NFL writers surely saved the best for last. The Lions host the Vikings on “Sunday Night Football” to end the regular season, the first regular season game in NFL history between teams with more than 13 wins.

You couldn’t prepare for a regular season game with much more at stake than this one. The winner of the game will be the only seed in the NFC, will win the NFC North and will have home field advantage during the NFC playoffs. Neither team would have to play outdoors for the entire postseason.

The loser will obtain the fifth seed in the NFC and go as a visitor in the wild card round (either against the Rams, Buccaneers or Falcons), becoming the first team with 14 wins to play in that round. There’s a good chance the five-seed’s path to the Super Bowl includes a road game against the NFC North champion in the divisional round and the No. 2 seed Eagles in the NFC Championship Game.

That’s a big difference, considering one seed has reached 49 Super Bowls since the playoffs expanded to 10 teams in 1978, and five seeds have reached a total of three.

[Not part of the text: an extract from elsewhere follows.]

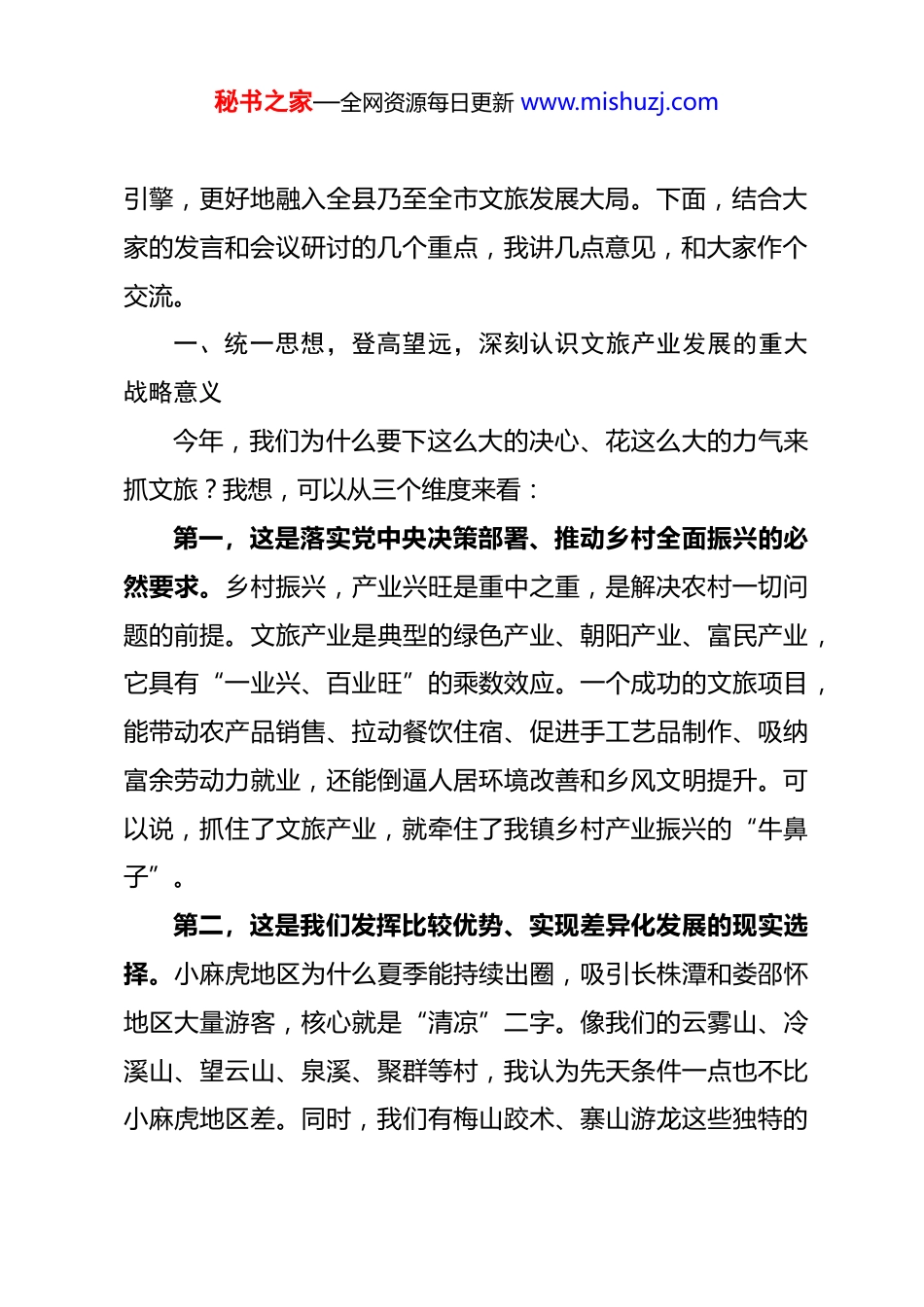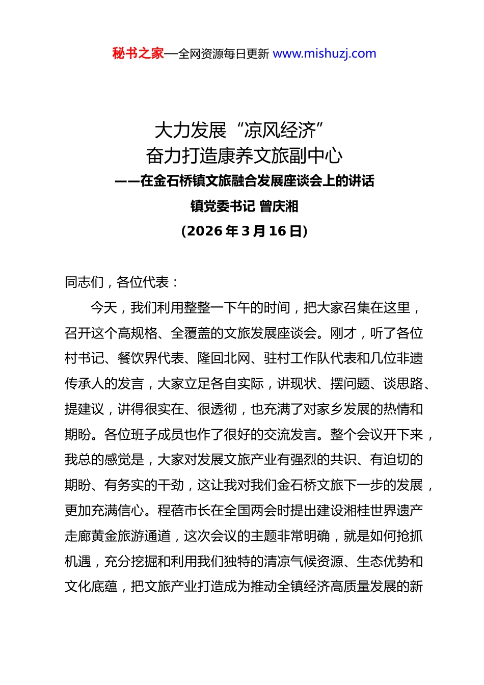 秘书之家—全网资源每日更新 www.mishuzj.com大力发展“凉风经济”奋力打造康养文旅副中心——在金石桥镇文旅融合发展座谈会上的讲话镇党委书记 曾庆湘(2026 年 3 月 16 日)同志们,各位代表:今天,我们利用整整一下午的时间,把大家召集在这里,召开这个高规格、全覆盖的文旅发展座谈会。刚才,听了各位村书记、餐饮界代表、隆回北网、驻村工作队代表和几位非遗传承人的发言,大家立足各自实际,讲现状、摆问题、谈思路、提建议,讲得很实在、很透彻,也充满了对家乡发展的热情和期盼。各位班子成员也作了很好的交流发言。整个会议开下来,我总的感觉是,大家对发展文旅产业有强烈的共识、有迫切的期盼、有务实的干劲,这让我对我们金石桥文旅下一步的发展,更加充满信心。程蓓市长在全国两会时提出建设湘桂世界遗产走廊黄金旅游通道,这次会议的主题非常明确,就是如何抢抓机遇,充分挖掘和利用我们独特的清凉气候资源、生态优势和文化底蕴,把文旅产业打造成为推动全镇经济高质量发展的新秘书之家—全网资源每日更新 www.mishuzj.com引擎,更好地融入全县乃至全市文旅发展大局。下面,结合大家的发言和会议研讨的几个重点,我讲几点意见,和大家作个交流。一、统一思想,登高望远,深刻认识文旅产业发展的重大战略意义今年,我们为什么要下这么大的决心、花这么大的力气来抓文旅?我想,可以从三个维度来看:第一,这是落实党中央决策部署、推动乡村全面振兴的必然要求。乡村振兴,产业兴旺是重中之重,是解决农村一切问题的前提。文旅产业是典型的绿色产业、朝阳产业、富民产业,它具有“一业兴、百业旺”的乘数效应。一个成功的文旅项目,能带动农产品销售、拉动餐饮住宿、促进手工艺品制作、吸纳富余劳动力就业,还能倒逼人居环境改善和乡风文明提升。可以说,抓住了文旅产业,就牵住了我镇乡村产业振兴的“牛鼻子”。第二,这是我们发挥比较优势、实现差异化发展的现实选择。小麻虎地区为什么夏季能持续出圈,吸引长株潭和娄邵怀地区大量游客,核心就是“清凉”二字。像我们的云雾山、冷溪山、望云山、泉溪、聚群等村,我认为先天条件一点也不比小麻虎地区差。同时,我们有梅山跤术、寨山游龙这些独特的秘书之家—全网资源每日更新 www.mishuzj.com省级非物质文化遗产,有深厚的农耕文化和乡土记忆,作为隆回县域副中心,我们不仅拥有相对完善的商业配套,而且交通区位优势明显,尤其是新新高速开通后,极大地降低了长株潭和娄邵怀等地游客来金的时间成本和出行成本。这些要素叠加在一起,构成了我们发展文旅产业的独特优势,是别人想学学不来、想搬搬不走的“金饭碗”。守着这么好的资源,如果不把它用好用活,让老百姓守着青山绿水过穷日子,那就是我们这一班人的失职,就是对历史的不负责任。第三,这是回应人民群众新期待、推动镇域经济实现高质量发展的迫切需要。我们的老百姓盼什么?盼收入更高、盼生活更好、盼家乡更美、盼在家门口就能有活干、有钱赚。发展文旅产业,能直接带来人流、资金流、信息流,能创造大量就业岗位和创业机会,能让老百姓的土特产、老手艺变成钱。同时,发展文旅必然会提升我们城镇管理水平,进一步完善基础设施,改善人居环境,把我们共同的家园建设得更加宜居、宜业、宜游,让老百姓有实实在在的获得感、幸福感。二、正视差距,深挖根源,清醒认识当前面临的突出短板和严峻挑战刚才大家的发言,既盘点了家底,也剖析了问题,这很好说明大家是动了脑筋、想了实事的。我们必须清醒地认识到,秘书之家—全网资源每日更新 www.mishuzj.com虽然我们资源禀赋不错,但要把资源优势真正转化为产业优势、经济优势、发展胜势,还有很长的路要走,还有很多硬骨头要啃。综合大家的意见和我平时调研了解的情况,梳理了一下,当前我们主要面临以下几个方面的堵点难点:一是资源整合“碎片化”,有“星星”没“月亮”。我们每个村可能都有一些不错的资源点:这里有片古树林,那里有股山泉水,这边有个老故事,那边有个旧民居。但是,这些资源基本上是“各村自扫门前雪”,处于各自为战、单打独斗的状态。缺乏统一的规划引领、统一的品牌包装...

Okay, but what if there’s a tie?

There hasn’t been a tie since Week 13 of 2022 between the Giants and Commanders, but if you think back to the Chargers-Raiders regular season finale in 2021, anything can happen. The Raiders won that game with a 47-yard field goal as overtime expired; otherwise, it would have ended in a tie and the Steelers would have missed the playoffs.

A tie in Sunday’s Vikings-Lions game wouldn’t be a doomsday scenario. The Lions would get the sole spot because they own the head-to-head tiebreaker over the Vikings, courtesy of a 31-29 win at Minnesota in Week 7.

In the event of a tie, it also means that Detroit’s result on Monday in San Francisco was not entirely insignificant. If the Lions had lost that game and tied in Week 18 against the Vikings, they would be the fifth seed.

I think Dan Campbell would rather go up in flames than play for a tie in overtime, but if somehow the game ended in a tie, the Lions would be the beneficiaries.